The ship was then immediately placed in reserve until 1884 when she was commissioned for service with the Mediterranean Fleet. Dreadnought was fitted with ten 1-inch (25 mm) Nordenfelt guns on the hurricane deck when she was commissioned. The ship sailed for the Mediterranean Sea on 14 October and remained there for the next decade. The future King George V served aboard in 1886–88. She returned to British waters in September 1894 and began a refit at Chatham Dockyard that included the replacement of her Nordenfelt guns with six quick-firing (QF) 6-pounder 57 mm and ten QF 3-pounder 37 mm Hotchkiss guns. Dreadnought became a coast guard ship at Bantry Bay, Ireland in March 1895.

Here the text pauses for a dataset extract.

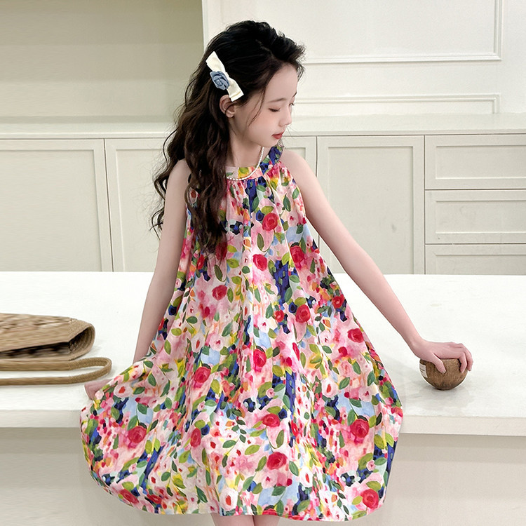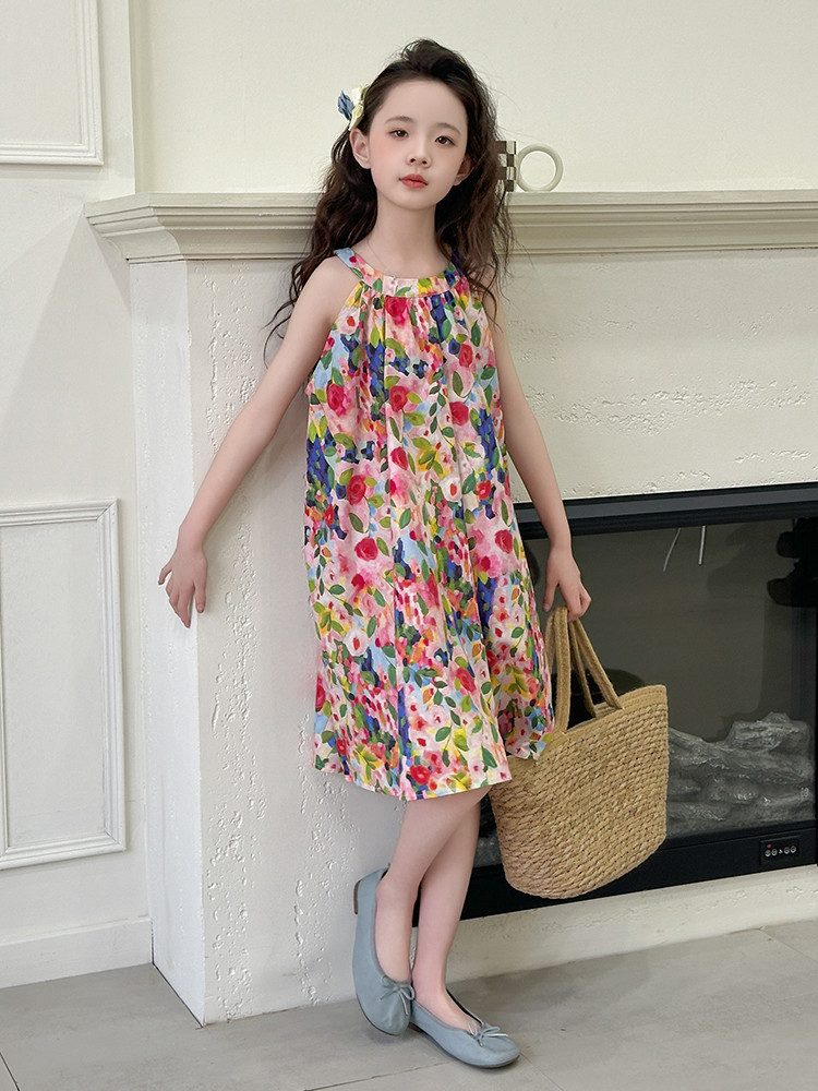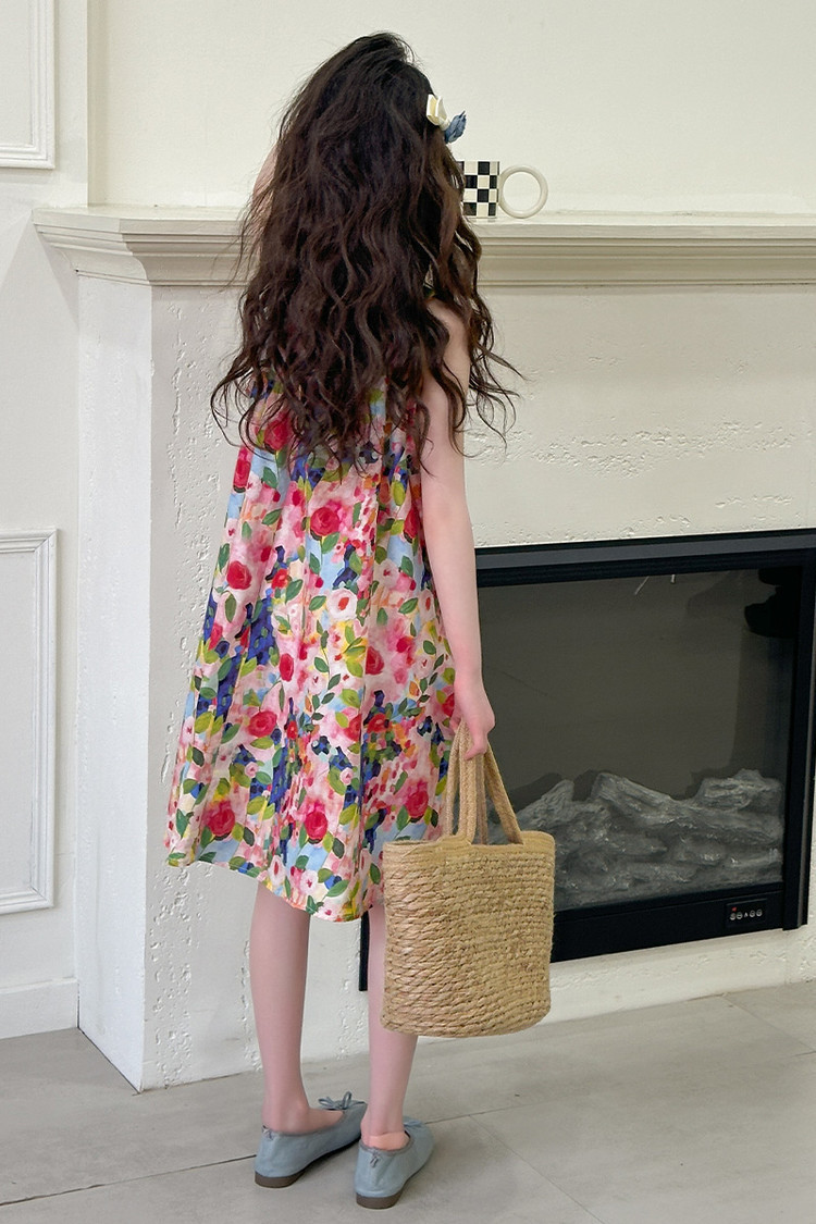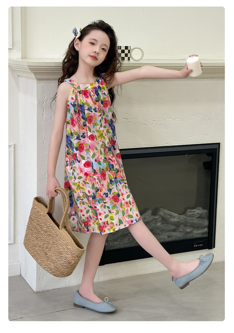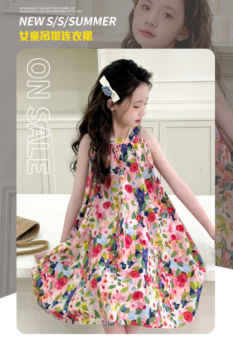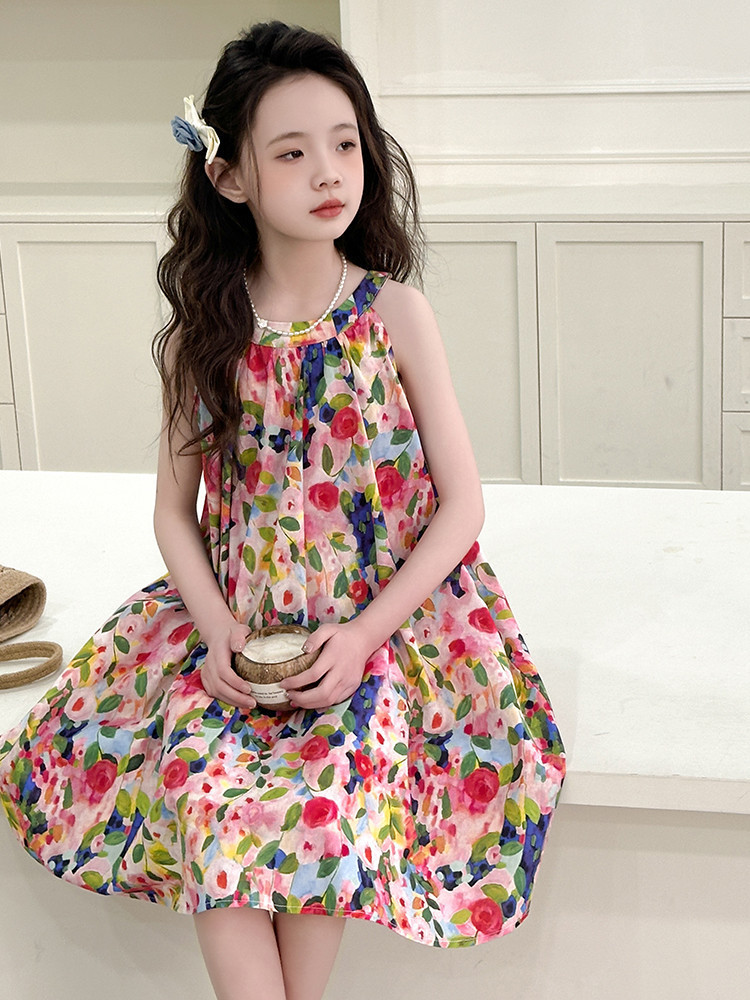 조끼 치마 여자 목 새 시즌 2025 여자 꽃 원피스 여름 외국 스타일 큰 소녀 공주 치마 한국스토어 가기
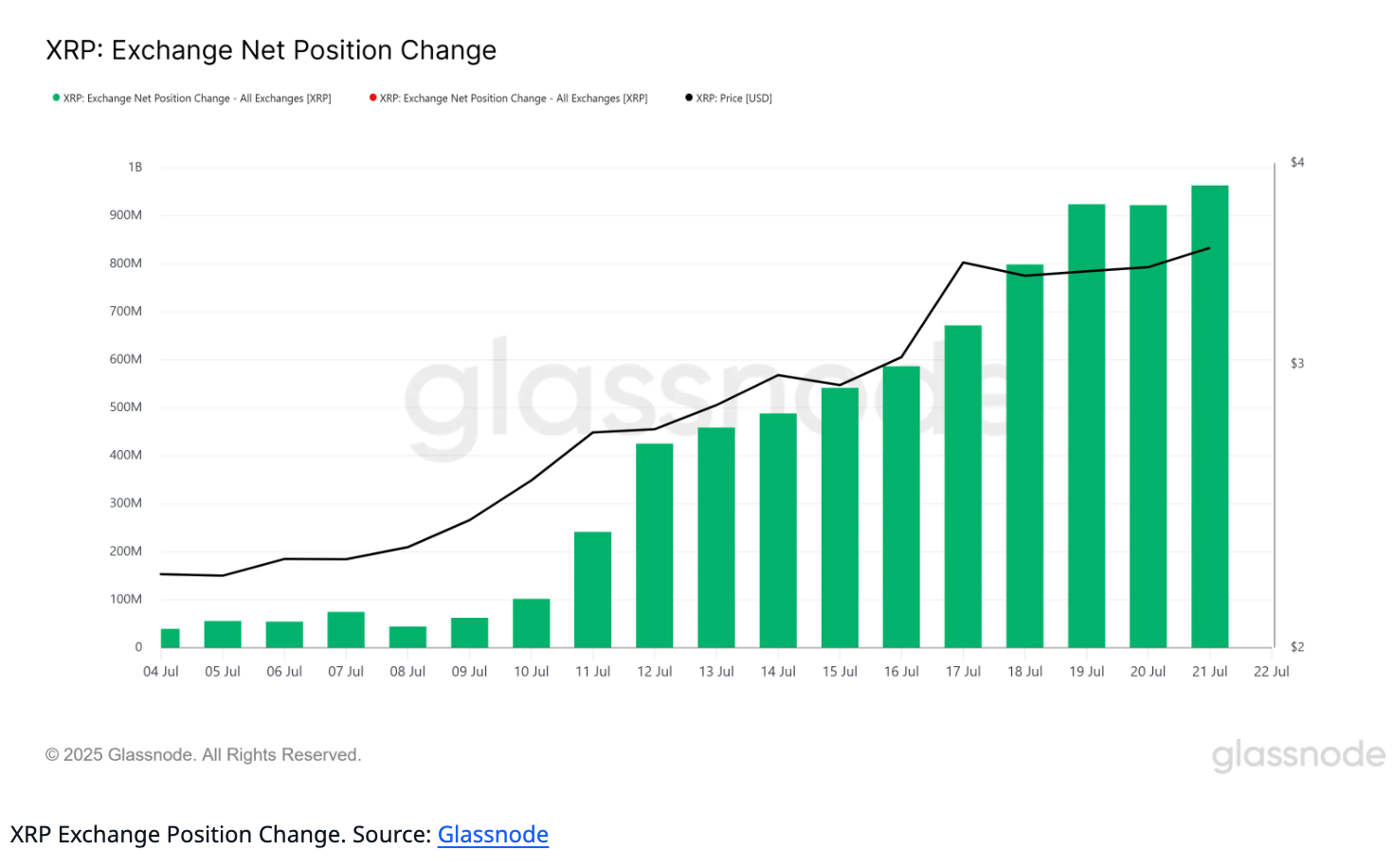 В последнее время инвесторы XRP начали массово продавать, что указывает на снижение уверенности рынка в дальнейшем росте. За последнюю неделю на кошельки бирж поступило почти 450 миллионов XRP, стоимость которых превышает 2.81 миллиарда долларов. Увеличение объема поставок показывает, что держатели переводят свои активы на продажу, что обычно является медвежьим сигналом на рынке.

Two years later, in March 1897, she was relieved of that duty and became a depot ship in July at Devonport. The ship was reboilered and had more QF guns installed in 1898. Dreadnought was reclassified as a second-class battleship in 1900 and took part in British fleet manoeuvres in that year and the following one. In June 1902, she was refitted at Chatham to serve as a tender to HMS Defiance, torpedo school ship at Devonport, and later as a depot ship. She took part in the fleet review held at Spithead on 16 August 1902 for the coronation of King Edward VII, and was commissioned as tender four days later, on 20 August 1902. Lieutenant Harry Louis d′Estoteville Skipwith was appointed in command in October 1902. She was taken out of service and transferred to the Kyles of Bute in 1905. The ship was sold to Thos. W. Ward for scrap for £23,000 on 14 July 1908 and was broken up by February 1909.